**Work to be completed**
Look in the listing below for the line that has "A collection of", then return it and each following line up to and including the one with "Luego sobre pan", exactly and without pictures.

====== Data to use ======

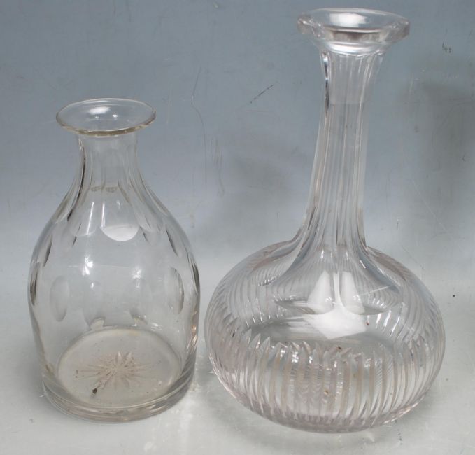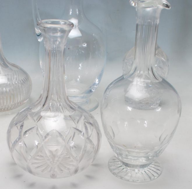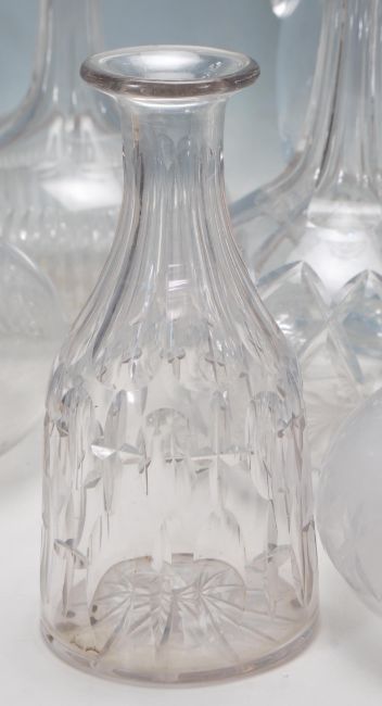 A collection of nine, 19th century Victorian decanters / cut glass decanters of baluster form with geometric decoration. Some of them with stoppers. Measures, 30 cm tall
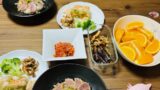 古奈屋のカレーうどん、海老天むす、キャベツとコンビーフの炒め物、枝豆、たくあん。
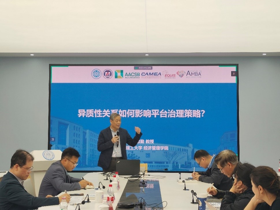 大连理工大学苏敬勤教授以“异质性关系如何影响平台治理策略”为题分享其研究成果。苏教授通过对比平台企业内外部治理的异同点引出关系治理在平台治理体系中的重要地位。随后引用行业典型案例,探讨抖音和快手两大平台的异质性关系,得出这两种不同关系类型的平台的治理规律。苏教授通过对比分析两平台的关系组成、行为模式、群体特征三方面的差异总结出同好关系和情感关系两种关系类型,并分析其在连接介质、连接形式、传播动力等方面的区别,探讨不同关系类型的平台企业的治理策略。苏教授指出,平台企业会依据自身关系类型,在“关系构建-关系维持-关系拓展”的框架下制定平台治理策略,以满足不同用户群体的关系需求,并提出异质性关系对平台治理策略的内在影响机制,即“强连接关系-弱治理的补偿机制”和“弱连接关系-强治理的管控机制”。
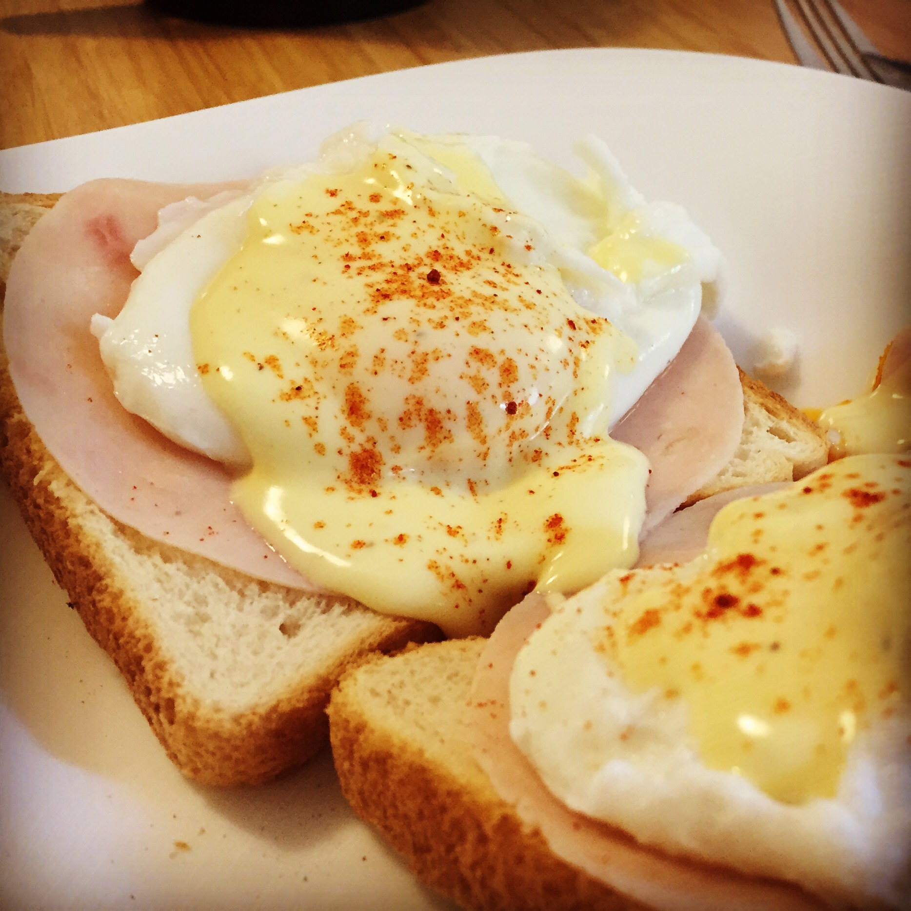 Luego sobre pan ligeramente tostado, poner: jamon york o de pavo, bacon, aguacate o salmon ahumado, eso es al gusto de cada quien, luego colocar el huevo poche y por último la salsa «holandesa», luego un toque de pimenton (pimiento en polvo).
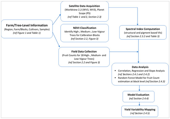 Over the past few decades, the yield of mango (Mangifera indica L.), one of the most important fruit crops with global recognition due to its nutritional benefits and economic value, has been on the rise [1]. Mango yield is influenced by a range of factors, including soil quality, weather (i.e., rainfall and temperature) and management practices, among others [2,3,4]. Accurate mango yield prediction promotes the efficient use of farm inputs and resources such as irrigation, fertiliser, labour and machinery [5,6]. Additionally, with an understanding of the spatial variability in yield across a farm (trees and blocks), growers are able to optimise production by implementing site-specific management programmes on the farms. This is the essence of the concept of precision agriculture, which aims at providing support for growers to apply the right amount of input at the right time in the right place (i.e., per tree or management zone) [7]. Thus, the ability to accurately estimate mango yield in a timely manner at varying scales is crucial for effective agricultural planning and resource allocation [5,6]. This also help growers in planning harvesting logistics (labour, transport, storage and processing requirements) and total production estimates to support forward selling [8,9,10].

======
====== Data to use ======

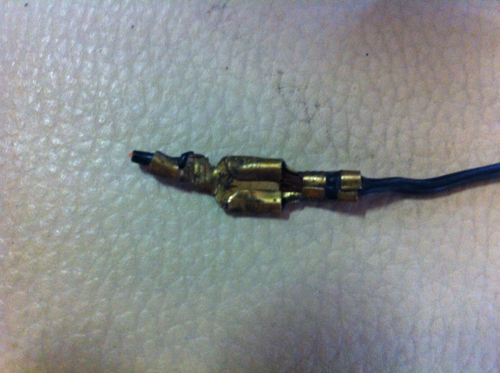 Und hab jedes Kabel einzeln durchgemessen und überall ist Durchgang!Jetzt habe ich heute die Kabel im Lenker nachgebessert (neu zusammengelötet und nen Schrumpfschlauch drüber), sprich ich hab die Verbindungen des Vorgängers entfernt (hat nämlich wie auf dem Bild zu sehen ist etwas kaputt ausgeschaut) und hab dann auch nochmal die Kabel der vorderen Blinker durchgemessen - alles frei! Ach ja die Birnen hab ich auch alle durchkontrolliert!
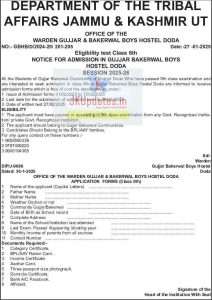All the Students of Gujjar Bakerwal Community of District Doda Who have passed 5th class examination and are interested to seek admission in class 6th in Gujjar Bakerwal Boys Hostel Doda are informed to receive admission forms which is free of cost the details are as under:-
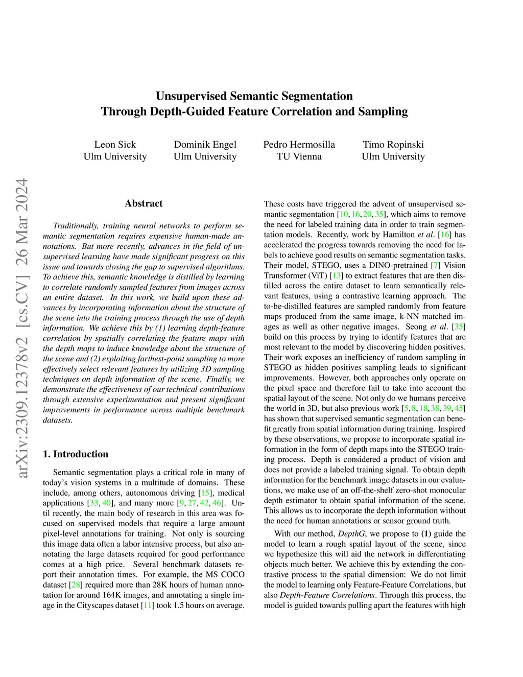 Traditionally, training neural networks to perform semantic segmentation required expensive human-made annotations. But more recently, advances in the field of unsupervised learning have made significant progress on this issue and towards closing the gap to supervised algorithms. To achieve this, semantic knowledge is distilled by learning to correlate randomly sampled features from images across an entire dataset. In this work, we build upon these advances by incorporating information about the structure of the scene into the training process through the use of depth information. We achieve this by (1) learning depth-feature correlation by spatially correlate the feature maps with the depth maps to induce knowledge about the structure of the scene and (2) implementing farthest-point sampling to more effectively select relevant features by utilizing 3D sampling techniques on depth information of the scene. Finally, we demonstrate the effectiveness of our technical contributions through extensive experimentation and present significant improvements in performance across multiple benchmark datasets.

======

**Answer box**
 A collection of nine, 19th century Victorian decanters / cut glass decanters of baluster form with geometric decoration. Some of them with stoppers. Measures, 30 cm tall
 古奈屋のカレーうどん、海老天むす、キャベツとコンビーフの炒め物、枝豆、たくあん。
 大连理工大学苏敬勤教授以“异质性关系如何影响平台治理策略”为题分享其研究成果。苏教授通过对比平台企业内外部治理的异同点引出关系治理在平台治理体系中的重要地位。随后引用行业典型案例,探讨抖音和快手两大平台的异质性关系,得出这两种不同关系类型的平台的治理规律。苏教授通过对比分析两平台的关系组成、行为模式、群体特征三方面的差异总结出同好关系和情感关系两种关系类型,并分析其在连接介质、连接形式、传播动力等方面的区别,探讨不同关系类型的平台企业的治理策略。苏教授指出,平台企业会依据自身关系类型,在“关系构建-关系维持-关系拓展”的框架下制定平台治理策略,以满足不同用户群体的关系需求,并提出异质性关系对平台治理策略的内在影响机制,即“强连接关系-弱治理的补偿机制”和“弱连接关系-强治理的管控机制”。
 Luego sobre pan ligeramente tostado, poner: jamon york o de pavo, bacon, aguacate o salmon ahumado, eso es al gusto de cada quien, luego colocar el huevo poche y por último la salsa «holandesa», luego un toque de pimenton (pimiento en polvo).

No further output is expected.